◆ **Task instructions**:
Please retype the records below exactly as they appear, leaving out every picture.

◆ **Provided material**:
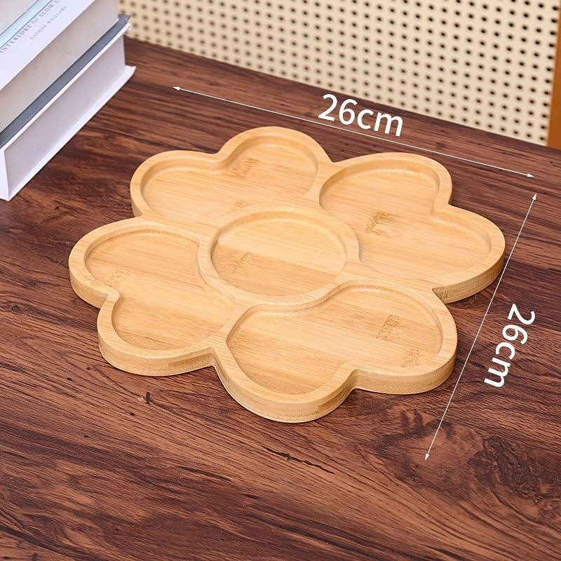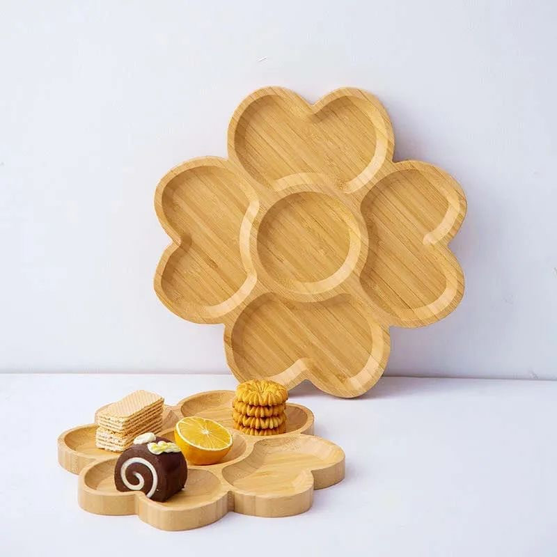 Декоративная посуда — незаменимый атрибут современной кухни. Украсить любой стол поможет круглая менажница из бамбука. Она имеет достаточно крупный диаметр — 26 см, и 5 ячеек, в которое можно поместить соусник). Посуда из бамбука отличается особенной прочностью, так же она достаточно легкая, изделия можно брать с собой в длительные пешие прогулки и путешествия. Бамбук по праву причисляют к экологически чистому сырью, кухонная утварь из него совершенно не навредит природе. Деревянная посуда выглядит стильно и современно.
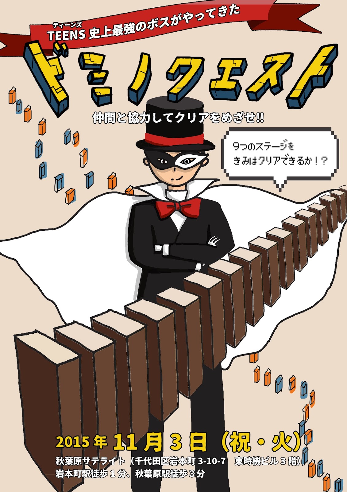 TEENSでは、平日の学習支援や週末のお仕事体験の他に年に4回程度お子様向けにイベントを開催しています。これまで冬に『cafe TEENS』や夏に『ペンションTEENS』などを実施してきましたが、今回秋のイベントとして11月3日(祝・火)にTEENS新宿・横浜・御茶ノ水合同で『ドミノクエスト』実施いたします。
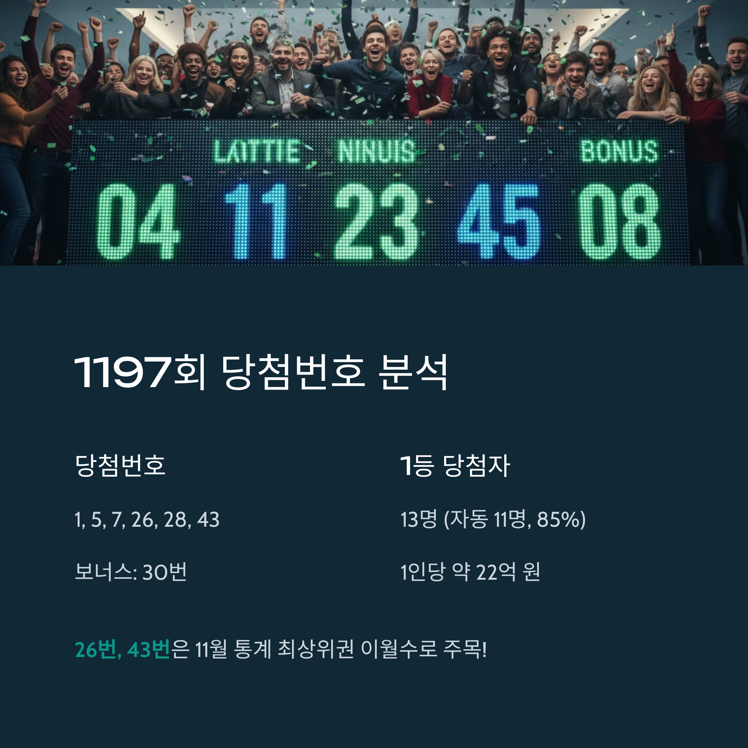 지난주 1197회 당첨번호는 1, 5, 7, 26, 28, 43 + 보너스 30번이었습니다. 13명의 1등 당첨자가 탄생했고, 그 중 11명(85%)이 자동 구매였다는 점이 눈에 띕니다. 1인당 당첨금은 약 22억 원!
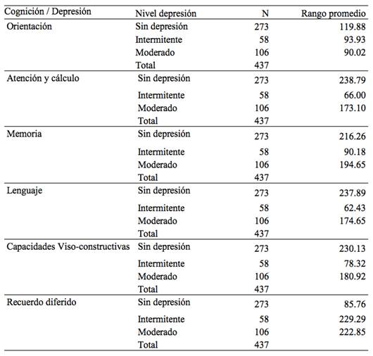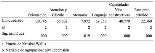Para contrastar diferencias entre los niveles de depresión medidos por el BDI-II; se realizó una prueba de Kruskal Wallis. Los resultados muestran la existencia de diferencias estadísticamente significativas entre las tareas de orientación (p=.00), atención y cálculo (p=.000), lenguaje (p=.000), memoria (p=.019), capacidades viso-constructivas (p=.000) y recuerdo diferido (p=.000).
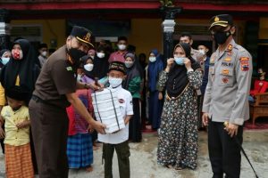 “Terimakasih, Alhamdulillah,” sahut salah satu warga saat menerima makanantakjil sambil melempar senyuman kepada para Forkopimda.
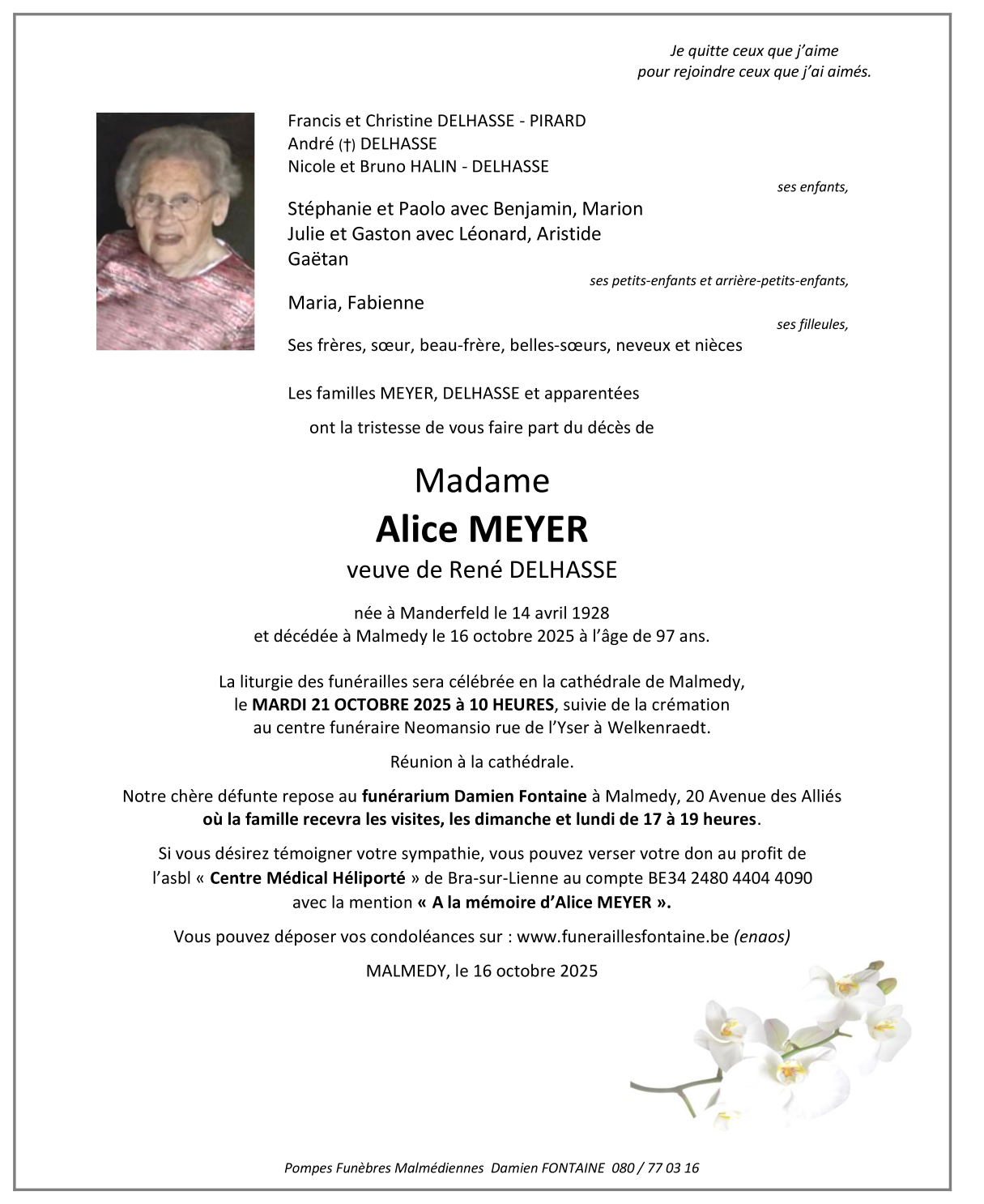 Décédée à Malmedy (4960) le jeudi 16 octobre 2025 à l'âge de 97 ans
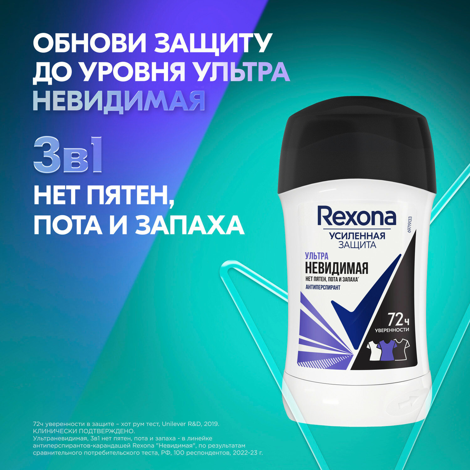 РЕКСОНА Антиперспирант-карандаш 3в1 "Ультраневидимая" 72ч уверенности нет пятен, пота и запаха жен, 40 мл
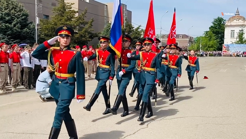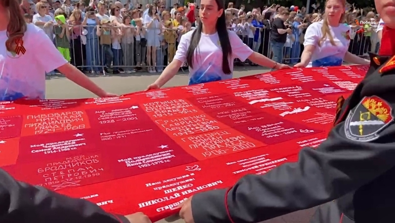 Все присутствующие на площади вместе исполнили песню «День Победы». После волонтёры прошли по центральной площади с «Полотном памяти». Этот алый холст уже пять лет остаётся важнейшим символом Дня Победы в Будённовске.

◆ **Exercise result**:
 Декоративная посуда — незаменимый атрибут современной кухни. Украсить любой стол поможет круглая менажница из бамбука. Она имеет достаточно крупный диаметр — 26 см, и 5 ячеек, в которое можно поместить соусник). Посуда из бамбука отличается особенной прочностью, так же она достаточно легкая, изделия можно брать с собой в длительные пешие прогулки и путешествия. Бамбук по праву причисляют к экологически чистому сырью, кухонная утварь из него совершенно не навредит природе. Деревянная посуда выглядит стильно и современно.
 TEENSでは、平日の学習支援や週末のお仕事体験の他に年に4回程度お子様向けにイベントを開催しています。これまで冬に『cafe TEENS』や夏に『ペンションTEENS』などを実施してきましたが、今回秋のイベントとして11月3日(祝・火)にTEENS新宿・横浜・御茶ノ水合同で『ドミノクエスト』実施いたします。
 지난주 1197회 당첨번호는 1, 5, 7, 26, 28, 43 + 보너스 30번이었습니다. 13명의 1등 당첨자가 탄생했고, 그 중 11명(85%)이 자동 구매였다는 점이 눈에 띕니다. 1인당 당첨금은 약 22억 원!
Para contrastar diferencias entre los niveles de depresión medidos por el BDI-II; se realizó una prueba de Kruskal Wallis. Los resultados muestran la existencia de diferencias estadísticamente significativas entre las tareas de orientación (p=.00), atención y cálculo (p=.000), lenguaje (p=.000), memoria (p=.019), capacidades viso-constructivas (p=.000) y recuerdo diferido (p=.000).
 “Terimakasih, Alhamdulillah,” sahut salah satu warga saat menerima makanantakjil sambil melempar senyuman kepada para Forkopimda.
 Décédée à Malmedy (4960) le jeudi 16 octobre 2025 à l'âge de 97 ans
 РЕКСОНА Антиперспирант-карандаш 3в1 "Ультраневидимая" 72ч уверенности нет пятен, пота и запаха жен, 40 мл
 Все присутствующие на площади вместе исполнили песню «День Победы». После волонтёры прошли по центральной площади с «Полотном памяти». Этот алый холст уже пять лет остаётся важнейшим символом Дня Победы в Будённовске.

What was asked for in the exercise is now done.